━━ Data in this exercise

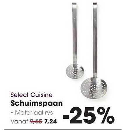 Ontdek de fantastische Select Cuisine schuimspaan, nu met een korting van maar liefst 25%! Deze keukenhulp is onmisbaar voor elke thuiskok die graag gerechten maakt met perfect geblancheerde of gefrituurde ingrediënten. Een betrouwbare schuimspaan helpt niet alleen bij het afschuimen van potten en pannen maar ook bij het gemakkelijk uitnemen van voedsel uit het vet of water. Met deze aanbieding maak je een slimme investering in je keukenaccessoires.
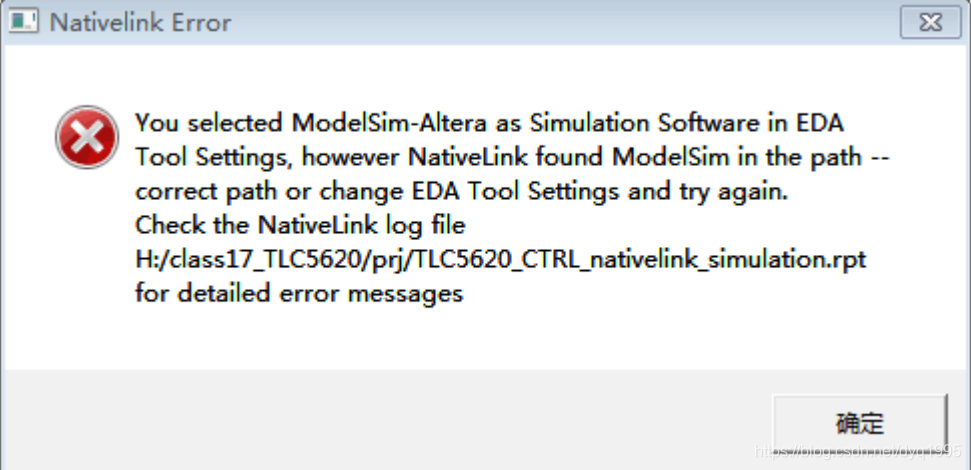 这是由于Quartus II 软件中与 Modelsim 关联设置不对,即 modelsim 路径设置有误。解决方法如下:
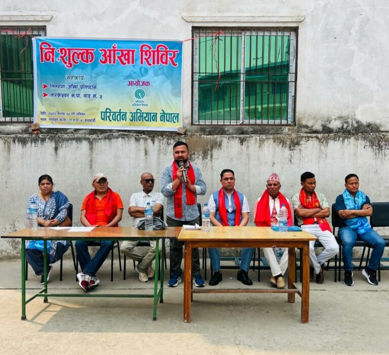 काठमाडौं। काठमाडौंको तारकेश्वरमा शनिवार निःशुल्क आँखा शिविर सम्पन्न गरिएको छ । परिवर्तन अभियान नेपालद्वारा आयोजित शिविरमा स्थानीय ६१० जनाको निःशुल्क आँखाको परीक्षण परिएको अध्यक्ष सुशील भट्टले जानकारी दिए ।
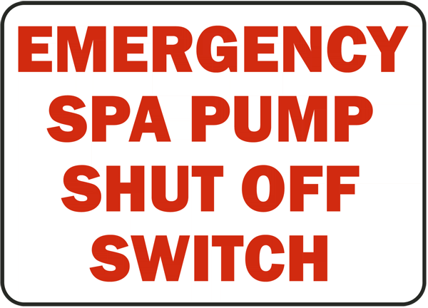 The New Jersey Spa Pump Shut Off Sign has informational messages for property and swimming policy concerns. The New Jersey Spa Pump Shut Off Sign is a useful tool to help protect the health and safety of others in pool and swimming areas, and is not a substitute for necessary protective measures for lessening or eliminating hazards. This sign complies with N.J.A.C. 8:26-3.24.
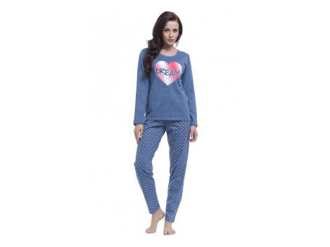Producent odzieży: DobranockaMarka odzieży: DobranockaModel odzieży: PMRodzajOferty: Oferta bieżącaNowość: TAKPłeć kupującego: KobietaSkładnik surowcowy: bawełna 100%,Rodzaj dekoltu: okrągłyOpisProducenta: Wygodne i komfortowe piżamy nie muszą być nudne! Ciekawe wzornictwo i kolorystyka są niewątpliwą zaletą.Świetny komplet składający się z dwóch części – bluzki z długim rękawem oraz długich spodni. Góra z okrągłym dekoltem ozdobiona uroczym sercem. Spodnie w śliczne serduszka. W pasie komfortowa gumka.Piżama wykonana jest z wysokiej jakości, przyjemnej w dotyku bawełnianej dzianiny imitującej jeans.Skład: 100% bawełna.
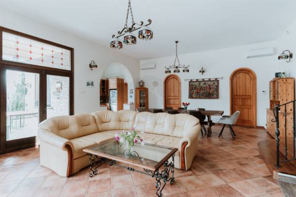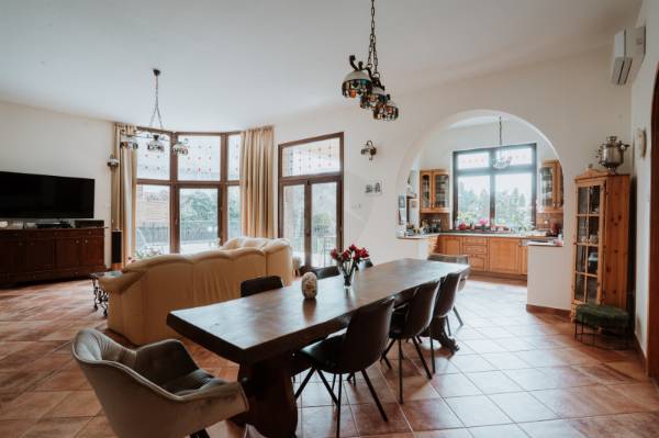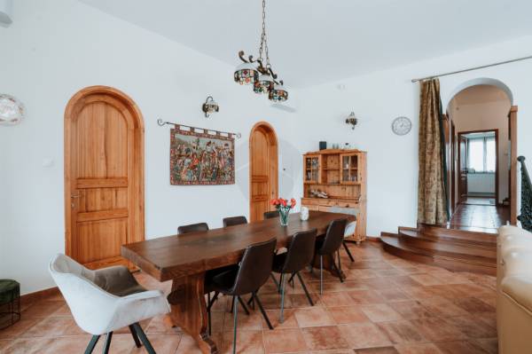 Az Ön szívéhez-lelkéhez is közel áll a mediterrán életérzés? Akkor ezt a toszkán stílusú villát mindenképp látnia kell! Garantáltan beleszeret! Gödöllő egyik legkedveltebb részén a Fácán soron CSENDES KERTVÁROSI KÖRNYEZETBEN kínálunk eladásra egy 1270 nm-es telken elhelyezkedő 393 nm-es IMPOZÁNS mediterrán családi házat. KIFOGÁSTALAN műszaki és esztétikai állapotban lévő, MAI IGÉNYEKNEK maximálisan megfelelő, minden igényt kielégítő családi ház. Minőségi anyagokból felépült házban mindent a kifinomultság és elegancia hirdet: a tágas terek, mediterrán burkolatok, kovácsoltvas korlátok, hatalmas üvegablakok ólomüveg berakással, cserépkályha, fa nyílászárók, fa boltíves beltéri ajtók, spaletták, sok egyedi belsőépítészeti megoldás. Elmúlt napokban FRISSEN FESTETTÉK a belső tereket és a külső homlokzatot, így Önnek már csak beköltözni kell! Ez a GYÖNYÖRŰ NAPFÉNYES, TÁGAS otthon 2008-ban épült, Jáger Ilona (MATE főépítésze) által tervezve. Minden részletre kiterjedő, igényes tervezésnek köszönhetően, a funkcionalitás és exkluzivitás találkozik ebben az ingatlanban. A belső terek kitűnő kialakításának köszönhetően egy nagyobb család tagjai külön-külön is élvezhetik az elvonulást, ugyanakkor a tágas 60 nm-es nappali-konyha-étkező és a hobby helyiségek helyszíne összeköti mind a család mind a baráti társaságot. Az ingatlanban mindenhol radiátorok padlófűtéssel kombinálva kerültek kialakításra, kiegészítve helyiségenként hűtő-fűtő klímával. NAPELEM rendszer kialakítására és a Bosch kazán cserére 2024-ben került sor. A házba belépve a 200 nm-es FÖLDSZINTEN az alábbi helyiségeket találjuk: közel 60 nm-es egyedi tervezésű konyha-étkező-nappali nagy belmagassággal, hatalmas ólomüveg felületekkel. Nappaliban csodálatos, ide tervezett CSERÉPKÁLYHA áll. Konyha mellett kamra, háztartási helység mely mosókonyhaként használható. Földszinten kapott helyet még egy vendégszoba fürdővel, dolgozószoba, hálószoba tágas előtérrel, gardróbszoba, fürdőszoba nagy masszázskáddal, 2 WC kézmosóval. A hatalmas ÓLOMÜVEG ABLAKOS nappaliból kilépve jutunk a 40 nm-es teraszra, mely a minőségéről és egyediségéről híres Otti Manufaktúra kövével burkoltak. Mindenütt fa nyílászáró található, szúnyoghálóval és elektromos redőnnyel felszerelve, kívül fa spalettákkal díszítve. 84 nm-es EMELETEN hatalmas közlekedő, két szoba, gardróbszoba, fürdőszoba kapott helyet. 89 nm-es pince 4 helyiségből áll: konditeremnek, wellnessnek alkalmas helyiség, WC, borkönyvtár, borospince. Gyönyörű a hatalmas téglával burkolt hangulatos BOLTÍVES PINCE borkönyvtárral, innen könnyen kijutunk a kertbe és a teraszra. Baráti összejövetelekhez, borvacsorákhoz ideális helyszín. A gondozott kert AUTOMATA ÖNTÖZŐRENDSZERREL, 62 méter mély bevizsgált ivóvíz minőségű fúrt kúttal, esővíz gyűjtő tartállyal ellátott. Az előkert és a kert is folyamatosan gondozott, egész évben látványos növényekkel, gyümölcsfákkal ültetett. Kert hátsó részében egy nagy kutyakennel került elhelyezésre, melyben több kutya is tartható. Kovácsoltvas kerítés kapuval felszerelt, melyen keresztül bejutva az udvarba 3-4 autó számára biztosítva a felszíni parkolás. Egész házra jellemző a magas minőség, kényelem, elegancia, egyediség, melegség, minden ami egy otthontól várható. Ide nagyon jó érzés haza érkezni! Jó energiákkal megáldott! Gyere el és érezd te is! Ez az ingatlan valódi ritkaság a piacon! Irodánk az értékesítés első lépésétől az utolsóig az Ön rendelkezésére áll. Amennyiben valamelyik ingatlanunkat jelenlegi ingatlana értékesítése után kívánja megvásárolni, vagy ha egy megbízható irodával szeretne együttműködni, amely teljes körű ügyintézést biztosít megfizethető áron, forduljon hozzánk bizalommal!
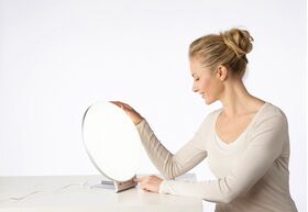 имитация солнечного света для борьбы с недомоганиями, вызванными недостатком солнечного света в зимние месяцы, такими как неуравновешенность, подавленное настроение, повышенная утомляемость и вялость,

━━━━

> _Exercise requirements_: Write out the whole listing exactly, and drop the pictures.

> _Response area_:
 Ontdek de fantastische Select Cuisine schuimspaan, nu met een korting van maar liefst 25%! Deze keukenhulp is onmisbaar voor elke thuiskok die graag gerechten maakt met perfect geblancheerde of gefrituurde ingrediënten. Een betrouwbare schuimspaan helpt niet alleen bij het afschuimen van potten en pannen maar ook bij het gemakkelijk uitnemen van voedsel uit het vet of water. Met deze aanbieding maak je een slimme investering in je keukenaccessoires.
 这是由于Quartus II 软件中与 Modelsim 关联设置不对,即 modelsim 路径设置有误。解决方法如下:
 काठमाडौं। काठमाडौंको तारकेश्वरमा शनिवार निःशुल्क आँखा शिविर सम्पन्न गरिएको छ । परिवर्तन अभियान नेपालद्वारा आयोजित शिविरमा स्थानीय ६१० जनाको निःशुल्क आँखाको परीक्षण परिएको अध्यक्ष सुशील भट्टले जानकारी दिए ।
 The New Jersey Spa Pump Shut Off Sign has informational messages for property and swimming policy concerns. The New Jersey Spa Pump Shut Off Sign is a useful tool to help protect the health and safety of others in pool and swimming areas, and is not a substitute for necessary protective measures for lessening or eliminating hazards. This sign complies with N.J.A.C. 8:26-3.24.
Producent odzieży: DobranockaMarka odzieży: DobranockaModel odzieży: PMRodzajOferty: Oferta bieżącaNowość: TAKPłeć kupującego: KobietaSkładnik surowcowy: bawełna 100%,Rodzaj dekoltu: okrągłyOpisProducenta: Wygodne i komfortowe piżamy nie muszą być nudne! Ciekawe wzornictwo i kolorystyka są niewątpliwą zaletą.Świetny komplet składający się z dwóch części – bluzki z długim rękawem oraz długich spodni. Góra z okrągłym dekoltem ozdobiona uroczym sercem. Spodnie w śliczne serduszka. W pasie komfortowa gumka.Piżama wykonana jest z wysokiej jakości, przyjemnej w dotyku bawełnianej dzianiny imitującej jeans.Skład: 100% bawełna.
 Az Ön szívéhez-lelkéhez is közel áll a mediterrán életérzés? Akkor ezt a toszkán stílusú villát mindenképp látnia kell! Garantáltan beleszeret! Gödöllő egyik legkedveltebb részén a Fácán soron CSENDES KERTVÁROSI KÖRNYEZETBEN kínálunk eladásra egy 1270 nm-es telken elhelyezkedő 393 nm-es IMPOZÁNS mediterrán családi házat. KIFOGÁSTALAN műszaki és esztétikai állapotban lévő, MAI IGÉNYEKNEK maximálisan megfelelő, minden igényt kielégítő családi ház. Minőségi anyagokból felépült házban mindent a kifinomultság és elegancia hirdet: a tágas terek, mediterrán burkolatok, kovácsoltvas korlátok, hatalmas üvegablakok ólomüveg berakással, cserépkályha, fa nyílászárók, fa boltíves beltéri ajtók, spaletták, sok egyedi belsőépítészeti megoldás. Elmúlt napokban FRISSEN FESTETTÉK a belső tereket és a külső homlokzatot, így Önnek már csak beköltözni kell! Ez a GYÖNYÖRŰ NAPFÉNYES, TÁGAS otthon 2008-ban épült, Jáger Ilona (MATE főépítésze) által tervezve. Minden részletre kiterjedő, igényes tervezésnek köszönhetően, a funkcionalitás és exkluzivitás találkozik ebben az ingatlanban. A belső terek kitűnő kialakításának köszönhetően egy nagyobb család tagjai külön-külön is élvezhetik az elvonulást, ugyanakkor a tágas 60 nm-es nappali-konyha-étkező és a hobby helyiségek helyszíne összeköti mind a család mind a baráti társaságot. Az ingatlanban mindenhol radiátorok padlófűtéssel kombinálva kerültek kialakításra, kiegészítve helyiségenként hűtő-fűtő klímával. NAPELEM rendszer kialakítására és a Bosch kazán cserére 2024-ben került sor. A házba belépve a 200 nm-es FÖLDSZINTEN az alábbi helyiségeket találjuk: közel 60 nm-es egyedi tervezésű konyha-étkező-nappali nagy belmagassággal, hatalmas ólomüveg felületekkel. Nappaliban csodálatos, ide tervezett CSERÉPKÁLYHA áll. Konyha mellett kamra, háztartási helység mely mosókonyhaként használható. Földszinten kapott helyet még egy vendégszoba fürdővel, dolgozószoba, hálószoba tágas előtérrel, gardróbszoba, fürdőszoba nagy masszázskáddal, 2 WC kézmosóval. A hatalmas ÓLOMÜVEG ABLAKOS nappaliból kilépve jutunk a 40 nm-es teraszra, mely a minőségéről és egyediségéről híres Otti Manufaktúra kövével burkoltak. Mindenütt fa nyílászáró található, szúnyoghálóval és elektromos redőnnyel felszerelve, kívül fa spalettákkal díszítve. 84 nm-es EMELETEN hatalmas közlekedő, két szoba, gardróbszoba, fürdőszoba kapott helyet. 89 nm-es pince 4 helyiségből áll: konditeremnek, wellnessnek alkalmas helyiség, WC, borkönyvtár, borospince. Gyönyörű a hatalmas téglával burkolt hangulatos BOLTÍVES PINCE borkönyvtárral, innen könnyen kijutunk a kertbe és a teraszra. Baráti összejövetelekhez, borvacsorákhoz ideális helyszín. A gondozott kert AUTOMATA ÖNTÖZŐRENDSZERREL, 62 méter mély bevizsgált ivóvíz minőségű fúrt kúttal, esővíz gyűjtő tartállyal ellátott. Az előkert és a kert is folyamatosan gondozott, egész évben látványos növényekkel, gyümölcsfákkal ültetett. Kert hátsó részében egy nagy kutyakennel került elhelyezésre, melyben több kutya is tartható. Kovácsoltvas kerítés kapuval felszerelt, melyen keresztül bejutva az udvarba 3-4 autó számára biztosítva a felszíni parkolás. Egész házra jellemző a magas minőség, kényelem, elegancia, egyediség, melegség, minden ami egy otthontól várható. Ide nagyon jó érzés haza érkezni! Jó energiákkal megáldott! Gyere el és érezd te is! Ez az ingatlan valódi ritkaság a piacon! Irodánk az értékesítés első lépésétől az utolsóig az Ön rendelkezésére áll. Amennyiben valamelyik ingatlanunkat jelenlegi ingatlana értékesítése után kívánja megvásárolni, vagy ha egy megbízható irodával szeretne együttműködni, amely teljes körű ügyintézést biztosít megfizethető áron, forduljon hozzánk bizalommal!
 имитация солнечного света для борьбы с недомоганиями, вызванными недостатком солнечного света в зимние месяцы, такими как неуравновешенность, подавленное настроение, повышенная утомляемость и вялость,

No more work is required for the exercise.